[Start of section]

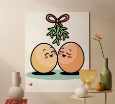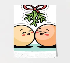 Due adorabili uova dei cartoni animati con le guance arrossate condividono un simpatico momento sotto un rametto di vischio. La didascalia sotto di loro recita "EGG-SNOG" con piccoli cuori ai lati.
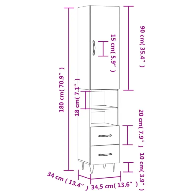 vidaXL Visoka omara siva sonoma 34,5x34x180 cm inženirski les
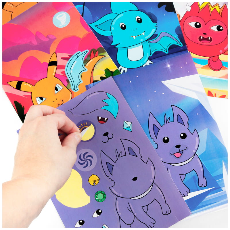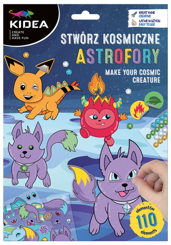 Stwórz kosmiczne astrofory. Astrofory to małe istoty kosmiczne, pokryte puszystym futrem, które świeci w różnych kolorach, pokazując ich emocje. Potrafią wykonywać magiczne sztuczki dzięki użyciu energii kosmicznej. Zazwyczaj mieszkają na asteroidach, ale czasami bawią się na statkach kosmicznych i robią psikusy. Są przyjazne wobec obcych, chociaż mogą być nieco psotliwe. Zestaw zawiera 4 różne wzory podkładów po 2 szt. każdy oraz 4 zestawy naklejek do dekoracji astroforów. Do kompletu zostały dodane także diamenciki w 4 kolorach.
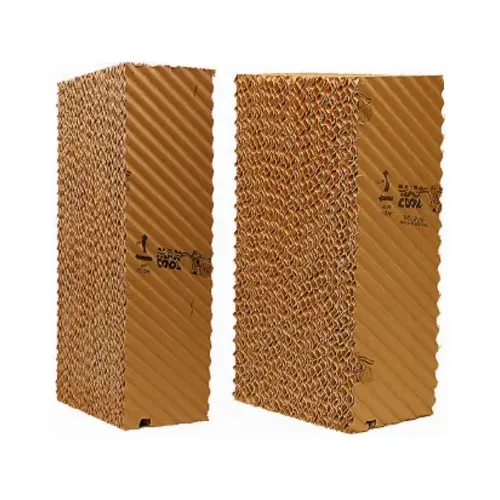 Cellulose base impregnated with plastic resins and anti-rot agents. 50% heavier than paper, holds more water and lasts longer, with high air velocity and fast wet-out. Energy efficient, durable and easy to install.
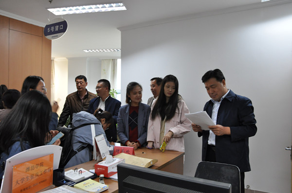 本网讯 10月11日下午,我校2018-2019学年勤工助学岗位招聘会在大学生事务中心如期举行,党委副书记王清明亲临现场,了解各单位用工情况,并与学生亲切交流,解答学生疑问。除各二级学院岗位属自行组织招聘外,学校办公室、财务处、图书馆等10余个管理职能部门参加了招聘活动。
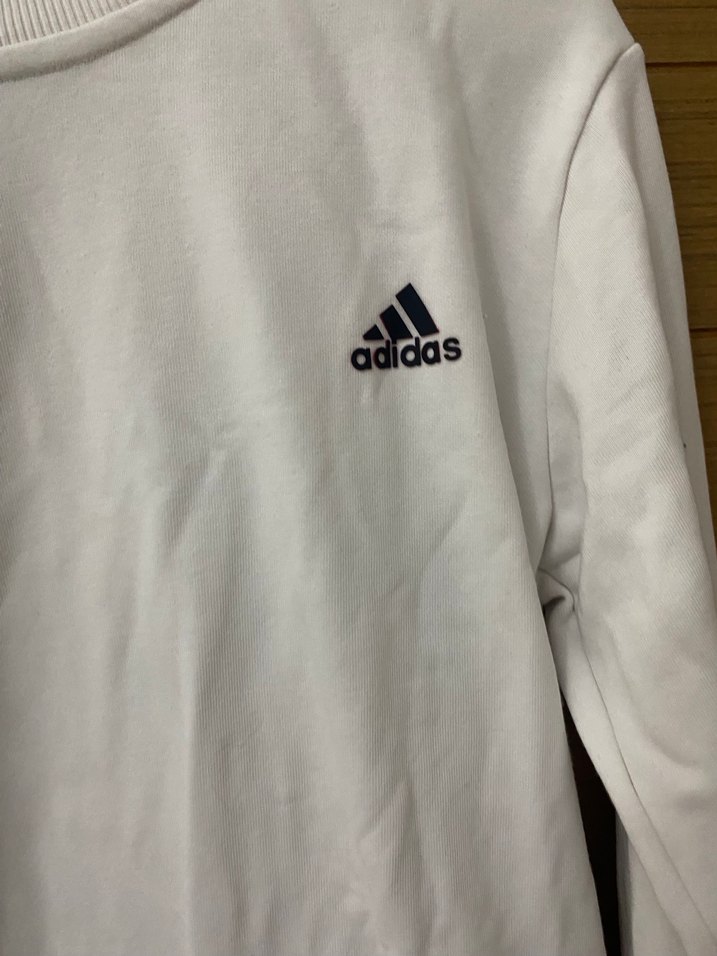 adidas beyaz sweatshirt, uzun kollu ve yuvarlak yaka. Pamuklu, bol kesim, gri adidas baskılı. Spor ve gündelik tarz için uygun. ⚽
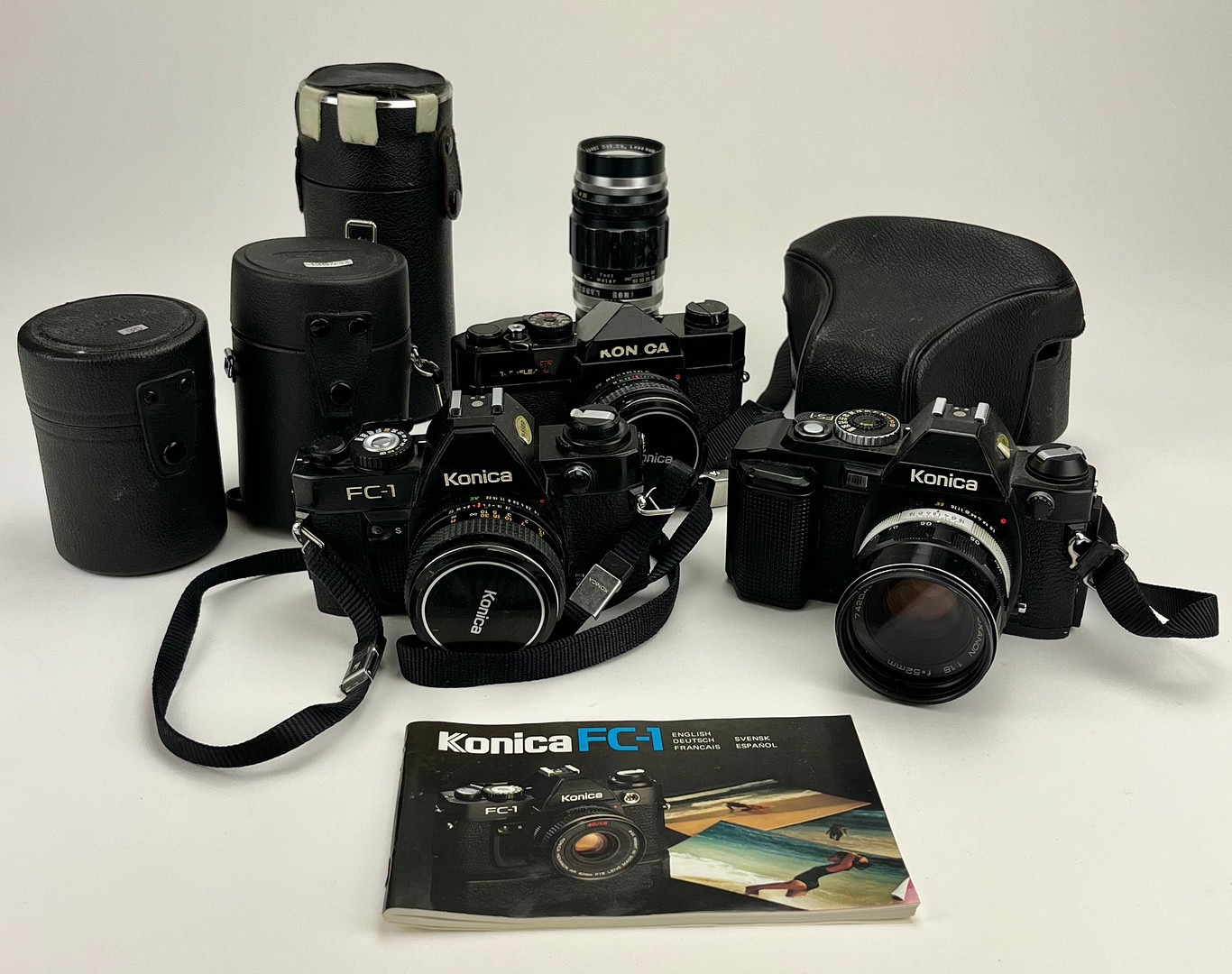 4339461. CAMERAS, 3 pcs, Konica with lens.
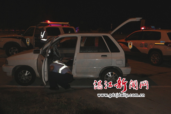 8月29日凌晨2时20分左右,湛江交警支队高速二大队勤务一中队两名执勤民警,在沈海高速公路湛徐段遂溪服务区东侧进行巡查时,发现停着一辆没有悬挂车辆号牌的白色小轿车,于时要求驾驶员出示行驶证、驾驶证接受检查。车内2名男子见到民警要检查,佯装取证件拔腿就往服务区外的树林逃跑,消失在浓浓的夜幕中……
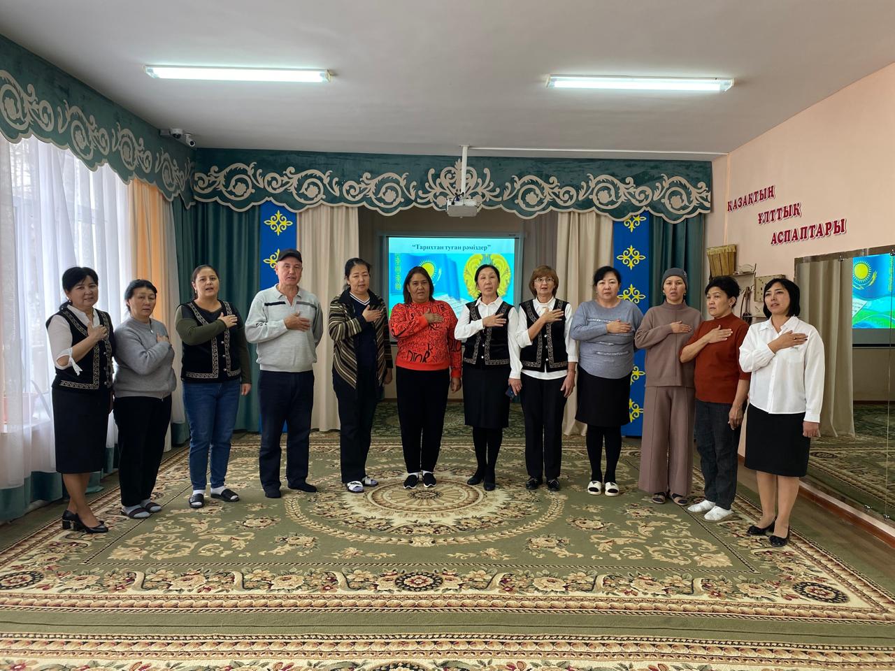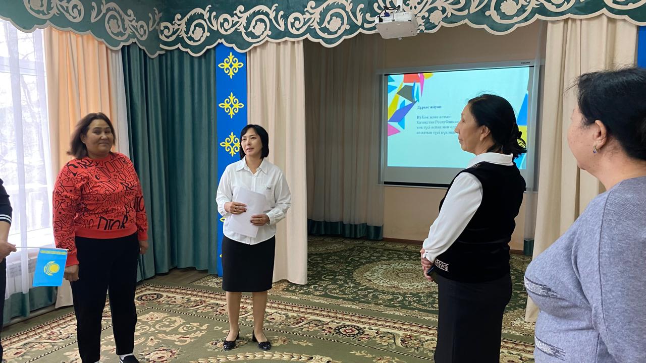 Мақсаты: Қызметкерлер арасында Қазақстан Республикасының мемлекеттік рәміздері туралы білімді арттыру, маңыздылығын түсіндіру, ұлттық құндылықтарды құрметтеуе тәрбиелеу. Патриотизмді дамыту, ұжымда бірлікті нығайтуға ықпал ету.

[End of section]

▸ **WORK REQUIRED**
Your answer should be the lines from the first record down to the line containing "8月29日凌晨2时20分左右", restated exactly, with no pictures.

▸ **EXERCISE OUTPUT**
 Due adorabili uova dei cartoni animati con le guance arrossate condividono un simpatico momento sotto un rametto di vischio. La didascalia sotto di loro recita "EGG-SNOG" con piccoli cuori ai lati.
 vidaXL Visoka omara siva sonoma 34,5x34x180 cm inženirski les
 Stwórz kosmiczne astrofory. Astrofory to małe istoty kosmiczne, pokryte puszystym futrem, które świeci w różnych kolorach, pokazując ich emocje. Potrafią wykonywać magiczne sztuczki dzięki użyciu energii kosmicznej. Zazwyczaj mieszkają na asteroidach, ale czasami bawią się na statkach kosmicznych i robią psikusy. Są przyjazne wobec obcych, chociaż mogą być nieco psotliwe. Zestaw zawiera 4 różne wzory podkładów po 2 szt. każdy oraz 4 zestawy naklejek do dekoracji astroforów. Do kompletu zostały dodane także diamenciki w 4 kolorach.
 Cellulose base impregnated with plastic resins and anti-rot agents. 50% heavier than paper, holds more water and lasts longer, with high air velocity and fast wet-out. Energy efficient, durable and easy to install.
 本网讯 10月11日下午,我校2018-2019学年勤工助学岗位招聘会在大学生事务中心如期举行,党委副书记王清明亲临现场,了解各单位用工情况,并与学生亲切交流,解答学生疑问。除各二级学院岗位属自行组织招聘外,学校办公室、财务处、图书馆等10余个管理职能部门参加了招聘活动。
 adidas beyaz sweatshirt, uzun kollu ve yuvarlak yaka. Pamuklu, bol kesim, gri adidas baskılı. Spor ve gündelik tarz için uygun. ⚽
 4339461. CAMERAS, 3 pcs, Konica with lens.
 8月29日凌晨2时20分左右,湛江交警支队高速二大队勤务一中队两名执勤民警,在沈海高速公路湛徐段遂溪服务区东侧进行巡查时,发现停着一辆没有悬挂车辆号牌的白色小轿车,于时要求驾驶员出示行驶证、驾驶证接受检查。车内2名男子见到民警要检查,佯装取证件拔腿就往服务区外的树林逃跑,消失在浓浓的夜幕中……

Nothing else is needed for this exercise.